You know what's wrong with this? It states, as if it is established fact, that we understand cosmology well enough to declare that universes spontaneously self-create. It states that the multiverse is a prediction of "many" theories, implying strongly that it's on firm ground. The problem is, this isn't science. It's not falsifiable, and in its present form it's not even close to being falsifiable in the foreseeable future. Seriously, name one PREdiction (as opposed to retrodiction) of these cosmological models, or more seriously, the multiverse/landscape idea, that is testable. Don't claim that our existence is such a test - the anthropic principle is weak sauce and is by no means evidence of the multiverse. Man, it annoys me when high profile theorists (it always seems to be theorists who do this) forget that physics is actually an experimental science that rests on predictive power.

Friday, September 03, 2010

This won't end well, because it's blindingly idiotic.

According to the Chronicle of Higher Education, my Texas A&M colleagues up the road in College Station now get the privilege of being evaluated based on their bottom-line "financial value" to the university.  Take how much money the professor brings in (including some $ from tuition of the number of students taught), subtract their salary, and there you go.  This raises problematic points that should be obvious to anyone with two brain cells to rub together.  First, I guess it sucks to be in the humanities and social sciences - you almost certainly have negative value in this ranking.

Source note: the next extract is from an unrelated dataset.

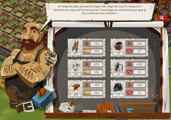 L'armurier vous permet d'acheter des engins de défense et d'attaque contre des pièces. Vous pouvez aussi en acheter des plus puissants mais en échange de rubis.
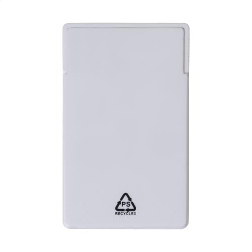 Compact travel sewing kit in card shaped recycled PS case. Including 6 coloured polyester threads, scissors, 2 safety pins, 2 needles, 2 buttons and a needle threader.

Congratulations, you leeches who take salary and don't bring in big research funding!  Second, it firmly establishes that the service contributions of faculty to the university are worthless in this ranking scheme.  Third, it establishes that the only measure of your educational contribution is how many students you teach - purely quantity, so if you teach large intro classes you're somehow valuable, but if you teach smaller upper division courses, you're less valuable.  Gee, that's not simplistic at all.  Now, the article doesn't actually say how these rankings will be used, but I'm having a hard time imagining ways that this metric is a good idea.

Wednesday, September 01, 2010

Silicon oxide and all that.

It's been a busy week work-wise; hence the low rate of blogging.  However, I would be remiss if I failed to talk about the science behind a paper (on which I am a coauthor) that was mentioned on the front page of the New York Times yesterday.  A student, Jun Yao, co-advised by my colleagues Jim Tour and Lin Zhong, did a really elegant experiment that has gotten a lot of attention, and the science is pretty neat.  Here's the deal.  Lots of people have done experiments where they've seen what appears to be nonvolatile switching of the electrical resistance in various nanoscale systems (e.g., junctions in nanotubes and other nanomaterials).  That is, what is observed is that, with the use of voltage pulses, the electrical resistance of a device may be programmed to be comparatively high or comparatively low, and that state is preserved for a looooong time.  Long story short:  sometimes this behavior has nothing in particular to do with the nanoscale system being studied, and really results from the properties of the underlying or nearby silicon oxide, which is generally treated as inert and boring.  Well, as people in the Si industry can tell you at length, it turns out that silicon oxide isn't necessarily inert and boring.   What Jun showed via some elegant cross-sectional transmission electron microscopy is that when big voltage pulses are applied across small distances, it is possible to modify the oxide, effectively doing electrochemistry, and turning some of the oxide back into Si nanocrystals.  When those nanocrystals give a hopping path from one electrode to the other, the device is "on".  When that path is broken, the device is "off".  The resulting nanocrystals themselves are quite small, on the order of a few nm.  Hence the excitement about possibly using this approach for very dense, nonvolatile memory.  There are, of course, a great many engineering issues to be overcome (there's no need to tell me about that in the comments....), but it is definitely a pretty science result.